Find sd and mean for each: sugar and calories

sugarmean <- mean(chickfila$sugar)
sugarsd <- sd(chickfila$sugar)
calmean <- mean(chickfila$calories)
calsd <- sd(chickfila$calories)

####pnorm for sugar and calories

1-pnorm(10, mean = sugarmean, sd = sugarsd)
## [1] 0.05521115
1-pnorm(400, mean = calmean, sd = calsd)
## [1] 0.4718786
#theoretical probabilities are 1 - the results printed below

empirical method for sugar and calories

chickfila %>% 
  filter(sugar > 10) %>%
  summarise(percent = n() / nrow(chickfila))
## # A tibble: 1 x 1
##   percent
##     <dbl>
## 1  0.0370
chickfila %>% 
  filter(calories > 400) %>%
  summarise(percent = n() / nrow(chickfila))
## # A tibble: 1 x 1
##   percent
##     <dbl>
## 1   0.481

**They are as close as the others for McDonalds and Dairy Queen as far as appearing nearly normal

More Practice

Exercise 7: Now let’s consider some of the other variables in the dataset. Out of all the different restaurants, which ones’ distribution is the closest to normal for sodium?

**from the histograms it looks like Sonic or Burger King might be closest to normal.

fastfood %>% 
  group_by(restaurant) %>% 
  ggplot() +
  geom_histogram(aes(x = sodium), bins = 15) +
  ggtitle("Restaurant Sodium") +
  xlab("Sodium") +
  ylab("Frequency") +
  facet_wrap(. ~restaurant)

We can look at the qqplots

fastfood %>% 
group_by(restaurant) %>% 
ggplot(aes(sample = sodium)) + 
  geom_line(stat = "qq") +
  facet_wrap(.~restaurant)

**Looks like Burger King or Taco Bell are closest to normal. Let’s look at Burger King, Taco Bell, Sonic and Arbys by creating a dataframe for each to analyze

taco_bell <- fastfood %>% 
  filter(restaurant == "Taco Bell")
burger_king <- fastfood %>% 
  filter(restaurant == "Burger King")
sonic <- fastfood %>% 
  filter(restaurant == "Sonic")
arbys <- fastfood %>% 
  filter(restaurant == "Arbys")

Perform ShapiroTest to check for normality for each and put in a variable

**Answer: Arbys and Burger King are normal under this test whereas the results strongly suggest Taco Bell and Sonic are not

shapiro.test(taco_bell$sodium)
## 
##  Shapiro-Wilk normality test
## 
## data:  taco_bell$sodium
## W = 0.95501, p-value = 0.000699
shapiro.test(burger_king$sodium)
## 
##  Shapiro-Wilk normality test
## 
## data:  burger_king$sodium
## W = 0.97291, p-value = 0.1331
shapiro.test(sonic$sodium)
## 
##  Shapiro-Wilk normality test
## 
## data:  sonic$sodium
## W = 0.82286, p-value = 1.784e-06
shapiro.test(arbys$sodium)
## 
##  Shapiro-Wilk normality test
## 
## data:  arbys$sodium
## W = 0.97073, p-value = 0.1985

Exercise 8: Note that some of the normal probability plots for sodium distributions seem to have a stepwise pattern. why do you think this might be the case?

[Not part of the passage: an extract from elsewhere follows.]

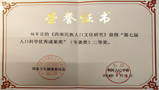 GZU Professor Yang Junchang Won the Second Prize of the Outstanding Achievement Award in Population Science of China for His Achievement in National Social Science Fund Project

**Answer: There are many repeated values

Exercise 9: As you can see, normal probability plots can be used both to assess normality and visualize skewness. Make a normal probability plot for the total carbohydrates from a restaurant of your choice. Based on this normal probability plot, is this variable left skewed, symmetric, or right skewed?

**Answer: appears skewed to the right

sonicplot <- sonic %>% 
  ggplot() +
  geom_line(aes(sample = total_carb), stat = "qq") +
  ggtitle("Sonic Normal Probability Plot - Carbohydrates")
sonicplot

Use a histogram to confirm your findings.

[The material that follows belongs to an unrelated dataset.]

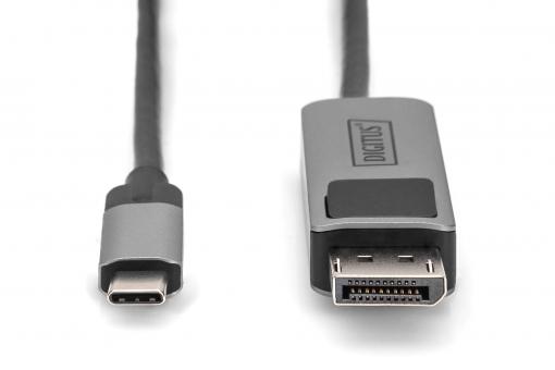 DIGITUS 8K@30Hz. USB typu C na DP; kabelový adaptér HBR3; Alu bydlení; Černá 1m

**Answer: confirms somewhat skewed to the right

sonic_hist <- sonic %>% 
  ggplot() +
  geom_histogram(aes(x = total_carb), binwidth = 10) +
  xlab("total carbohydrates") + 
  ylab("frequency") +
  ggtitle("Sonic Carbohydrates")
sonic_hist

Also can use density histogram

scarbsmean = mean(sonic$total_carb)
scarbssd = sd(sonic$total_carb)
ggplot(data = sonic, aes(x = total_carb)) +
  geom_blank() +
  geom_histogram(aes(y = ..density..), bins = 10)  +
  stat_function(fun = dnorm, args = c(mean = scarbsmean, sd = scarbssd), col = "red") +
  xlab("Total Carbohydrates")

  ggtitle("Sonic Carbohydrates")
## $title
## [1] "Sonic Carbohydrates"
## 
## attr(,"class")
## [1] "labels"